Through a long and beautifully nuanced phone call, Shirley reminded me that I’m moving through some holy ground here. I’ve been given the gift to co-direct my care, which means my calling is to bring both wisdom and trust, in equal measure.
“Gather the facts, listen well, consider all the elements,” she said. “This is wisdom.” And then we talked about trust.
“We all trust in something,” Shirley said. “Whether your language here is providence, the fates, or God. You’re trusting something higher than yourself with these choices.”
“Yes,” I said. “Let’s use God for my ‘something higher’.”

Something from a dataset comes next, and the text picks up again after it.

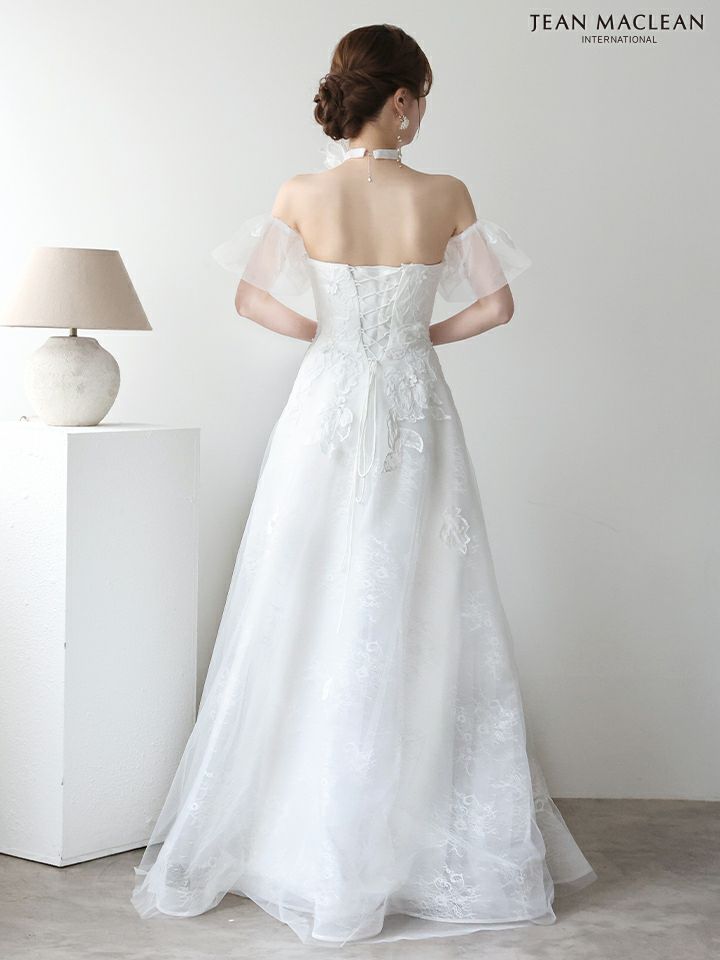 4. [JEANMACLEAN/ジャンマクレーン] 高級 バースデー チョーカー パフスリーブ付き ベア フラワー刺繍 レース バストシースルー Aラインロングドレス

“Ok then. With wisdom as a guide, trust God with this decision. You do this by not asking for it back.”
For the first time since my scan, Shirley put a new hand on the small of my back — joy. The kind of joy that comes with peace.
Feeling well means waking up physically refreshed, yes. But it also means waking up fully present in the day, with a deep confidence that this day isn’t a mistake, or a decision to be second guessed. Rather this day is the culmination of all the small and big decisions that came before — our breathtaking backstories — that give us imaginations for all that’s to come. Imaginations big enough to slay giants.
And now the middle path awaits. Until then, let’s all relish the sweetness of sharpened pencils, quarterfinals, and Shakespeare that come with these September days.
Savor each one.
xoxo
So good to see you at Back to School Night! Thank you for these updates! You continue to minister to us with your journey. It’s a blessing to be part of your story. Big hugs and bold prayers!
Lyrical and full of inspiration. Thanks, Amy. Love you.